The Russian troops, including mercenary fighters from the Wagner Group, are trying to cut the Ukrainian defenders' supply lines to the city, scene of some of the war's bloodiest battles, and force them to surrender or withdraw.
"Despite significant losses, the enemy threw in the most prepared assault units of Wagner, who are trying to break through the defenses of our troops and surround the city," Ukraine's Colonel General Oleksandr Syrskyi said.
Ukraine's military said Russia was shelling settlements around Bakhmut, which had a pre-war population of around 70,000 but now lies in ruins after months of intense trench warfare.
"Over the past day, our soldiers repelled more than 60 enemy attacks," the Ukraine military said early on Tuesday, including on the villages of Yadhidne and Berkhivka just north of Bakhmut.
A Reuters reporter who visited the area on Monday said he saw no sign of Ukrainian forces withdrawing and that reinforcements were arriving despite constant Russian shelling.
Taking Bakhmut would give Russia its first major prize in more than half a year and open the way to the capture of the last remaining urban centers in the Donetsk region, one of four which Moscow claims to have annexed in what it calls its "special military operation" in Ukraine.
An unnamed soldier from Ukraine's 93rd Separate Mechanized Brigade, speaking on the Telegram messaging app as explosions boomed in the background, struck a defiant note: "February 28, the town of Bakhmut.
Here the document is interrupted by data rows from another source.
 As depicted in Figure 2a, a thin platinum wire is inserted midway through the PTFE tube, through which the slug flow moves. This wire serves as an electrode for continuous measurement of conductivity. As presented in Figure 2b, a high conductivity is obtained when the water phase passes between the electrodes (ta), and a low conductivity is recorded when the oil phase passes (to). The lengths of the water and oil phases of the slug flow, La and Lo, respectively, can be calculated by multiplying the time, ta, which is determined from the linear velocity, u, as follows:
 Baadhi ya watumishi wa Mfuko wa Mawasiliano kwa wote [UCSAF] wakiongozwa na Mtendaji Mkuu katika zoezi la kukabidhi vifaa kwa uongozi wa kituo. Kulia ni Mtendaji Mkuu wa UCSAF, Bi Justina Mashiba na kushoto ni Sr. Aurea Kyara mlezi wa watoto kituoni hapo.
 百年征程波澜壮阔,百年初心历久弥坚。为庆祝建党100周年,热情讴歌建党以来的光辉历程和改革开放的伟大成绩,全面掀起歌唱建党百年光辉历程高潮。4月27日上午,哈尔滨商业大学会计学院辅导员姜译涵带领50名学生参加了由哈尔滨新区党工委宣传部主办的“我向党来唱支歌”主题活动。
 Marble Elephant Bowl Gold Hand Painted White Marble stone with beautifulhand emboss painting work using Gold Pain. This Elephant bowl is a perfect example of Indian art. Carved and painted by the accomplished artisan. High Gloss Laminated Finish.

The city is on fire, the enemy is pressing. Everything will be Ukraine..."
Russia's state-run RIA news agency released a video clip which it said showed Russian Su-25 fighter jets roaring over Bakhmut. "We are glad they are ours," says a man in the clip identified as a Wagner fighter, adding the jets helped them "psychologically."
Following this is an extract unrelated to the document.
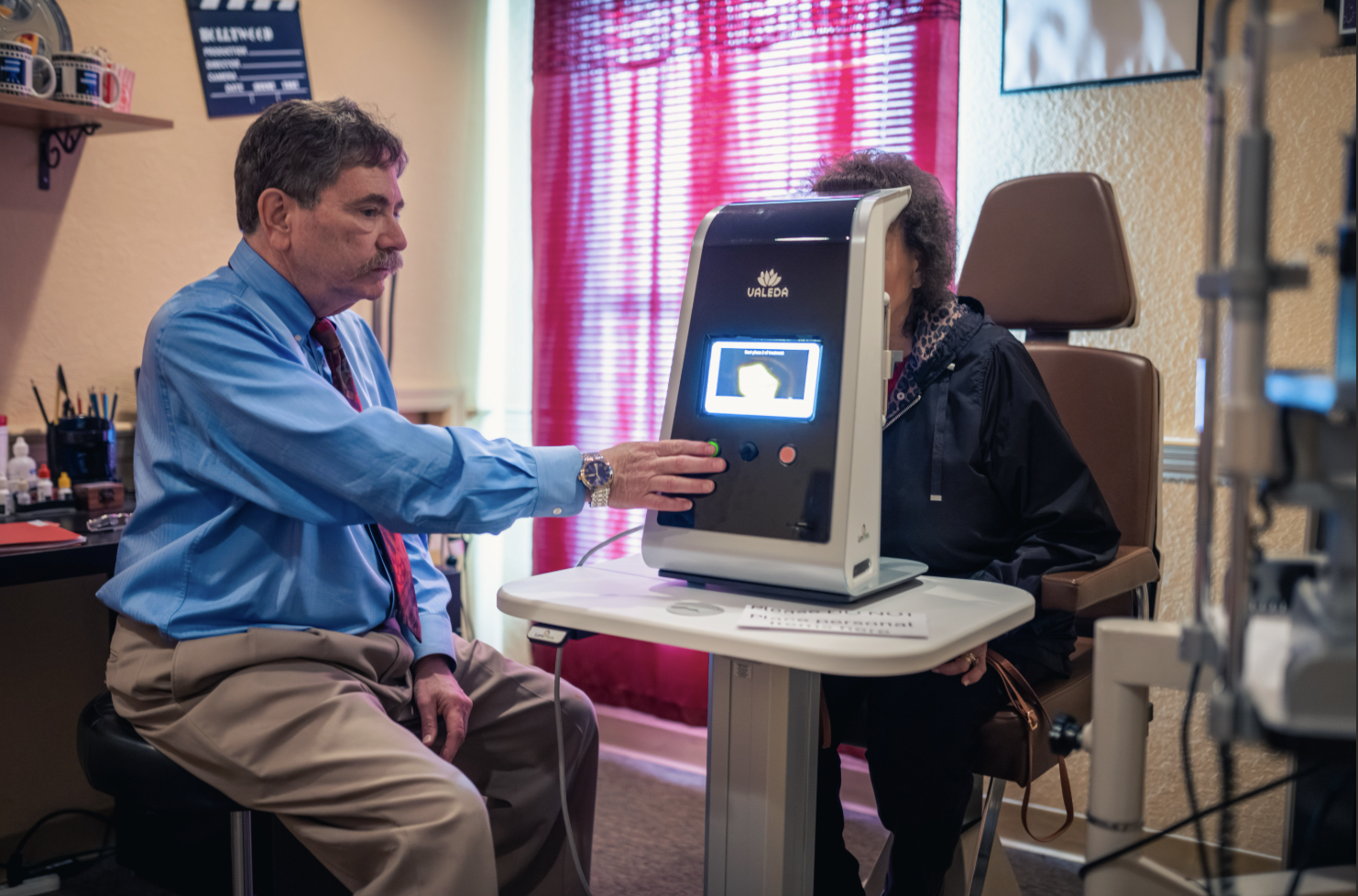 “There’s no dilation, no eye drops, no medicines and, most importantly, no injections, no needles,” he says. “Patients can drive themselves to the appointment and drive themselves home, and it only takes 10 minutes.”

Ukrainian soldiers in the Donetsk region hunkered in muddy trenches after warmer weather thawed out the frozen ground.
"Both sides stay in their positions, because as you see, spring means mud. Thus, it is impossible to move forward," said Mykola, 59, commander of a Ukrainian frontline rocket launcher battery, watching a tablet screen for coordinates to fire.
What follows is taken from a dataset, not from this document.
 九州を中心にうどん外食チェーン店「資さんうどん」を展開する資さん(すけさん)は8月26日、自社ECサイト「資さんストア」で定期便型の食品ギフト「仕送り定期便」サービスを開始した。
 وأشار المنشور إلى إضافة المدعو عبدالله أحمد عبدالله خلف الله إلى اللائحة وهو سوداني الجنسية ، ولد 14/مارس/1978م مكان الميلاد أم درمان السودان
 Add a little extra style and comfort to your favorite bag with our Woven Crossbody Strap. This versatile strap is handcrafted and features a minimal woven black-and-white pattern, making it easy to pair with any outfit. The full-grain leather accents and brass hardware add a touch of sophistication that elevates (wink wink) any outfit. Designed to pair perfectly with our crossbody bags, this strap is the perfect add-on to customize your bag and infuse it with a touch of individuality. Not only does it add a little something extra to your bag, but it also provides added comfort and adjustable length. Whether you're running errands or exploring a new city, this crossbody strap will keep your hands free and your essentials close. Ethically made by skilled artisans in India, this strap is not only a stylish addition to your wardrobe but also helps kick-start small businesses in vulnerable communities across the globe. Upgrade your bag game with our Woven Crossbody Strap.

The spring thaw has a history of ruining plans by armies to attack across Ukraine and western Russia, turning roads into rivers and fields into quagmires.
Reuters saw several military vehicles stuck in mud. In a zigzag trench, Volodymyr, a 25-year-old platoon commander, said his men were prepared to operate in any weather.
"When we're given a target, that means we have to destroy it."
Russia, its forces replenished with hundreds of thousands of conscripts, has intensified its attacks right along the eastern front but its assaults have come at a high cost, Ukraine says.
Russia's defense ministry said its forces had destroyed a Ukrainian ammunition depot near Bakhmut and shot down U.S.-made rockets and Ukrainian drones.